The legislative package – led by U.S. Senators John Tester (D-MT) and Jerry Moran (R-KS) – would help ensure all veterans exposed to toxic substances can access essential services through the Department of Veterans Affairs (VA) – including by:

  • Expanding VA health care eligibility to post-9/11 combat veterans, which includes more than 3.5 million toxic-exposed veterans;
  • Creating a framework for the establishment of future presumptions of service connection related to toxic exposure;
  • Adding 23 health conditions related to burn pit and toxic-exposure to the VA’s list of service presumptions, including hypertension;
  • Expanding the list of locations officially recognized as being related to Agent Orange exposure from service (Thailand, Cambodia, Laos, Guam, American Samoa, and Johnston Atoll);
  • Strengthening federal research on toxic exposure;
  • Providing additional resources to ensure VA workforce and systems can withstand increased demand;
  • Investing to improve VA claims processing, workforce, and health care facilities; and
  • Bolstering development of the VA’s workforce by increasing the limits of student loan repayment programs and streamlining the hiring process.

The legislation is supported by major veterans organizations, including the Veterans of Foreign Wars (VFW), Wounded Warrior Project, Vietnam Veterans of America, and Iraq and Afghanistan Veterans of America.

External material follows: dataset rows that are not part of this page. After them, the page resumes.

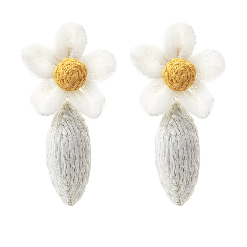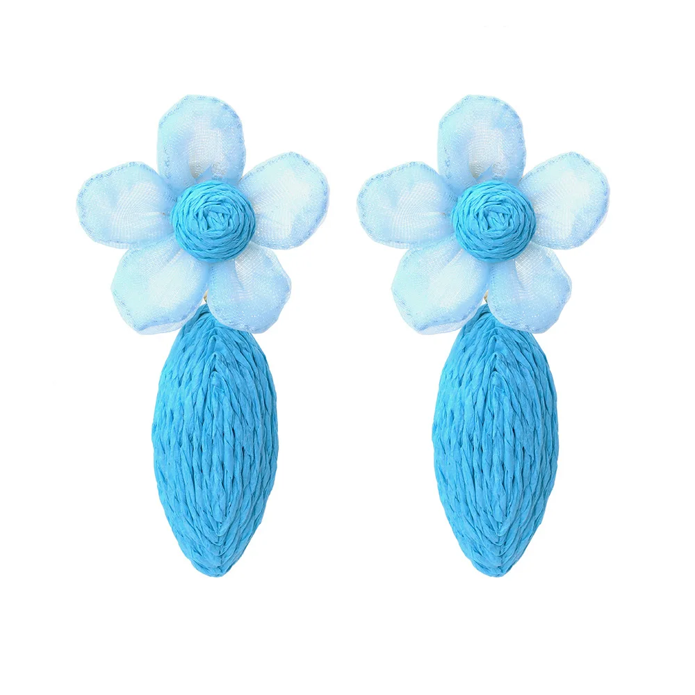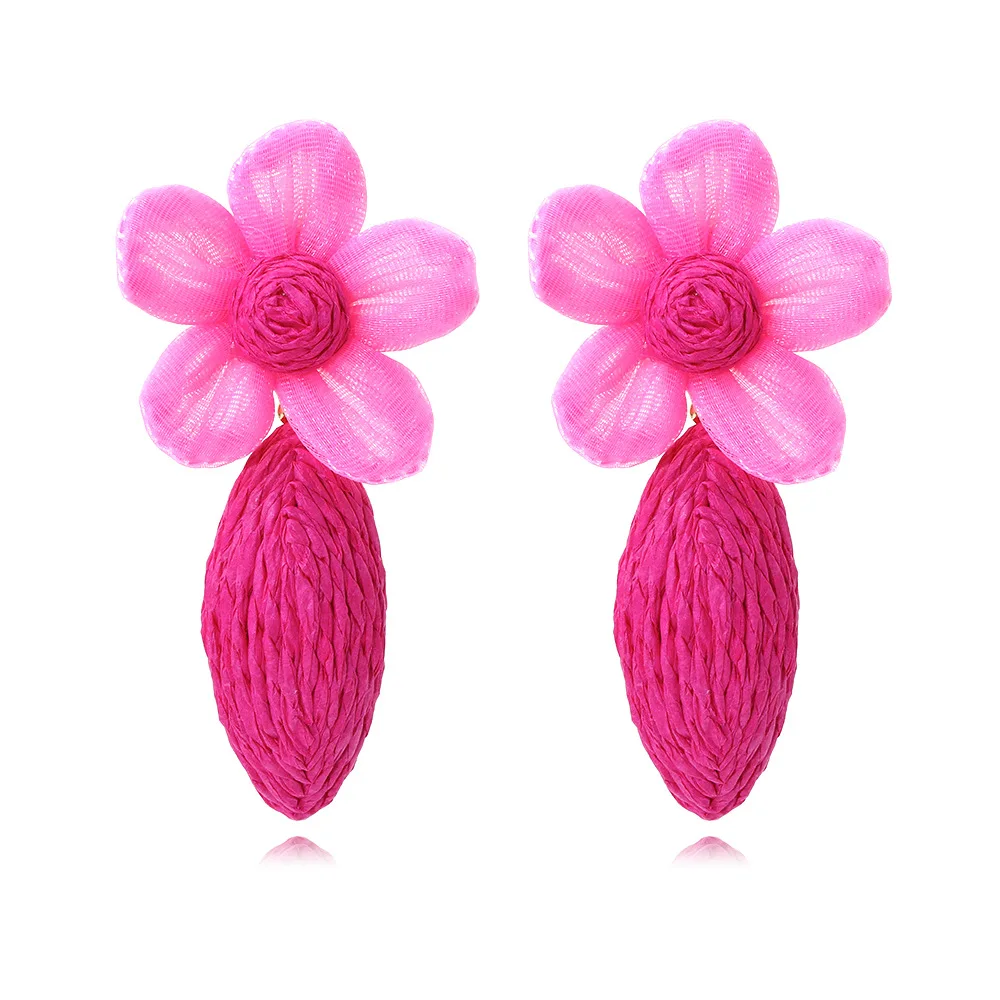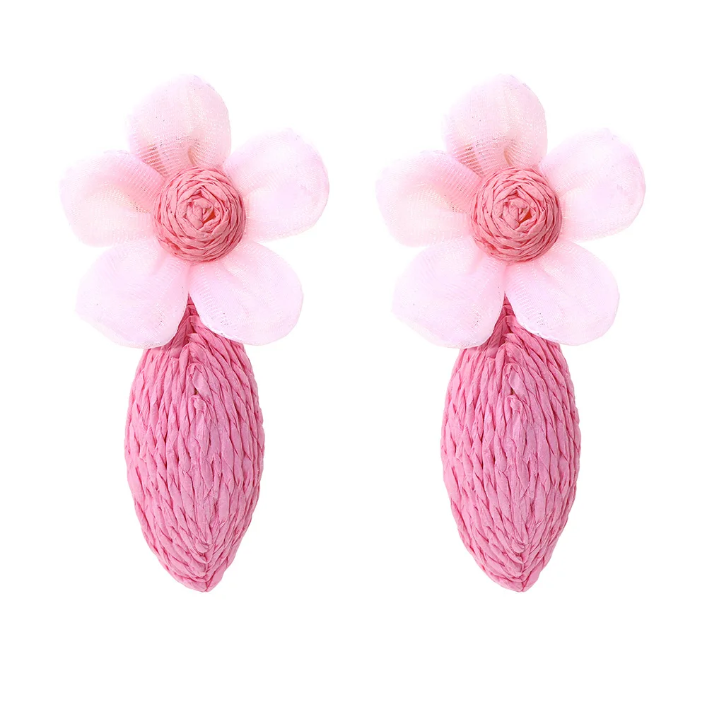 Metal Raffia Oval Resin Flower Dangle Earrings for Women New Simple Charm Design Jewellery Party Accessories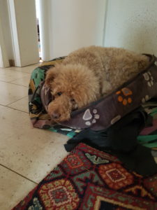 Camilla hat ständig neue Idee. Sie liebt es, in Baja’s Körbchen zu schlafen. Mittlerweile hat sie den Boden herausgeknabbert und schleppt es jetzt ständig durch die Wohnung.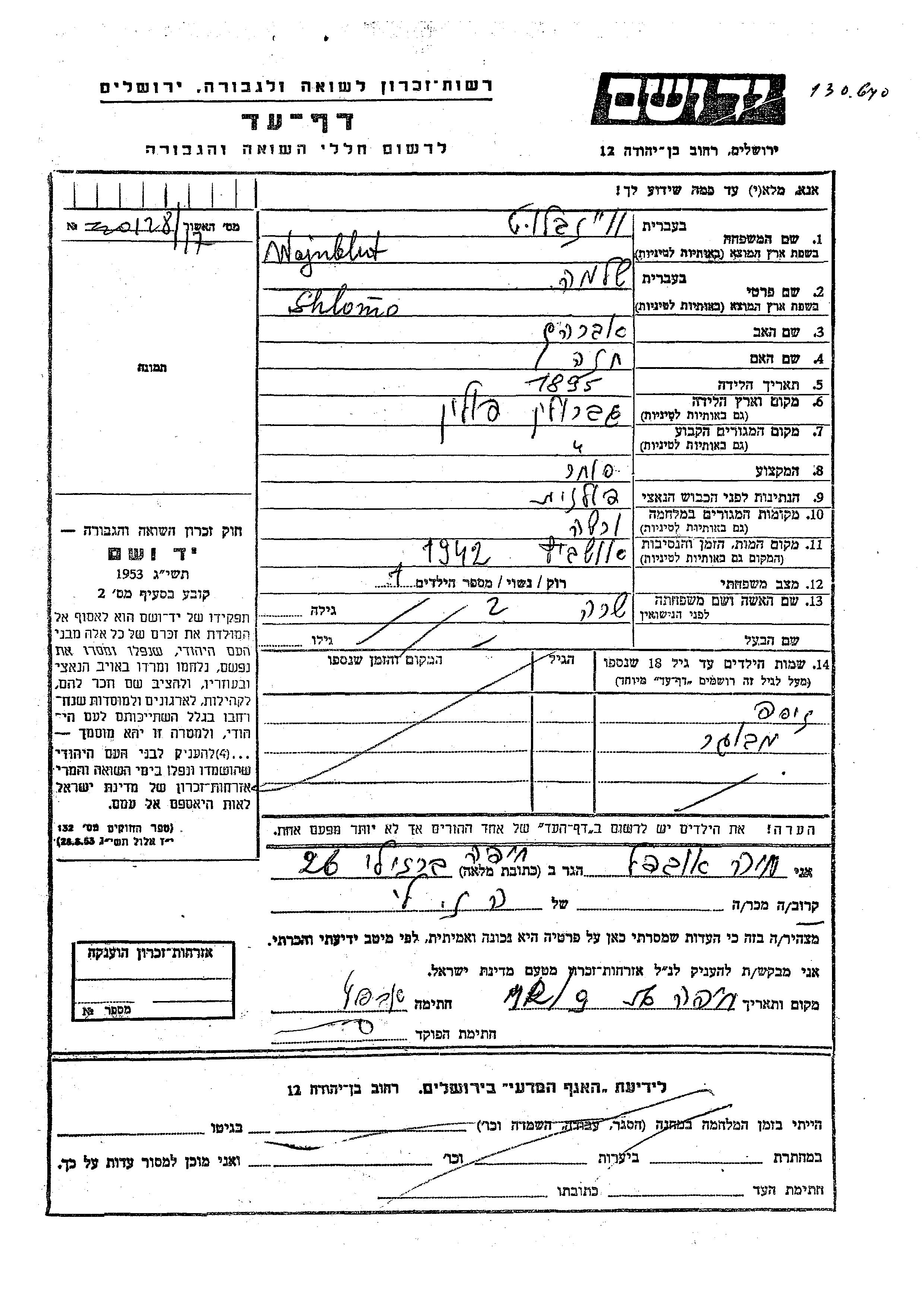 Weinblut Shlomo 1895 Garwolin, Pologne Feuille de témoignage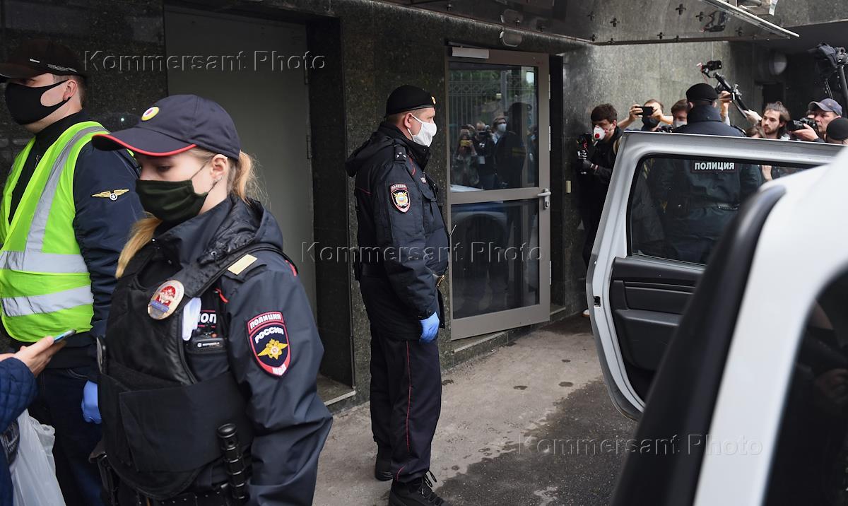 Сотрудники полиции в медицинских масках у здания Московского городского суда, где проходит рассмотрение жалобы на административный арест журналиста Ильи Азара. Журналист Илья Азар был арестован на 15 суток после одиночного пикета 26 мая в поддержку основателя паблика "Омбудсмен полиции" Владимира Воронцова.

Peters is a strong advocate for Michigan’s servicemembers and veterans. Last year, Peters was inducted into the Michigan Military and Veterans Hall of Honor for his efforts to support our nation’s veterans and military. In 2017, Peters was recognized as Legislator of the Year by the Vietnam Veterans of America for authoring the bipartisan Fairness for Veterans Act, which was signed into law. The legislation requires veteran discharge review boards to give liberal consideration to petitions for honorable discharge status if the servicemember has been diagnosed with PTSD, TBI or other related conditions connected to their military service. As of the fall of 2020, more than 1,500 veterans have had their discharges upgraded since his legislation was enacted.

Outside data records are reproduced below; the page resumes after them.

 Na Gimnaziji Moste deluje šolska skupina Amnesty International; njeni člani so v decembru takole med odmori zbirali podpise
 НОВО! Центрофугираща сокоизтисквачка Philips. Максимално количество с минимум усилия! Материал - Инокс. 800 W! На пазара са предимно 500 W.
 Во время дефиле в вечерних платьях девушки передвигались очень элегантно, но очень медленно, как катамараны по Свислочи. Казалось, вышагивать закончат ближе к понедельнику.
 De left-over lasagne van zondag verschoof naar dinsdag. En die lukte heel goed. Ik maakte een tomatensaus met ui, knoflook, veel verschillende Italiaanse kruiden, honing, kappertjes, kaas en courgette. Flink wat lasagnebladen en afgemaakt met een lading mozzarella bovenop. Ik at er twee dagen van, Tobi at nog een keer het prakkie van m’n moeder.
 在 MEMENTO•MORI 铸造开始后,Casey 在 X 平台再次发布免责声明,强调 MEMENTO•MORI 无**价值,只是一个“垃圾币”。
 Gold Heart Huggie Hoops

Last year, Peters’ bipartisan bill to strengthen transparency and communication for veterans and caregivers participating in the VA’s caregiver program was enacted into law. Also, Peters’ bipartisan legislation to expand apprenticeship opportunities for veterans and allow them to use their GI bill benefits to secure a registered apprenticeship was signed into law in 2020. Peters also fought for and helped secure a measure in the national defense bill to expand the Department of Veterans’ Affairs list of medical conditions associated with Agent Orange exposure to include bladder cancer, hypothyroidism, and Parkinsonism.

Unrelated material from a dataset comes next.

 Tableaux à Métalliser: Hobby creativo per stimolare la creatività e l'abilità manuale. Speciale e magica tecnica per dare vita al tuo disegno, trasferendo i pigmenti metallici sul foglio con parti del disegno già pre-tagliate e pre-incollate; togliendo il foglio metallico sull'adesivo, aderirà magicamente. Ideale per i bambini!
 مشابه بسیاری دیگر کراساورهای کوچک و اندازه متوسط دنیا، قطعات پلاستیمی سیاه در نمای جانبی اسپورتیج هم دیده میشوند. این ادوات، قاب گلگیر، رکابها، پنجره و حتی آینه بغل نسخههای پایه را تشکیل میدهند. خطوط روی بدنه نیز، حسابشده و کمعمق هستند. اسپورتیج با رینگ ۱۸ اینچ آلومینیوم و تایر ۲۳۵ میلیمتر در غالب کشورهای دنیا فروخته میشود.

Peters also introduced bipartisan legislation to protect veterans exposed to toxic chemicals during their service. The Burn Pits Accountability Act would require that servicemembers be assessed for exposure to open toxic burn pits as part of their routine health exams, as this exposure has been known to lead to cancer, cardiovascular toxicity, reproductive issues and neurological damage for numerous Afghanistan and Iraq War veterans. Peters additionally passed out of the Senate his bipartisan CADETS Act to expand the Student Incentive Payment Program eligibility age for financial assistance to cadets who attended one of the six State Maritime Academies and commit to a post-graduation service obligation to include any qualified student who will meet the age requirements for enlistment in the U.S. Navy Reserve at their time of graduation. In return for their commitment to serve, cadets can receive up to $32,000 in this incentive payment funding over four years to help offset the cost of tuition, uniforms, books, and living costs.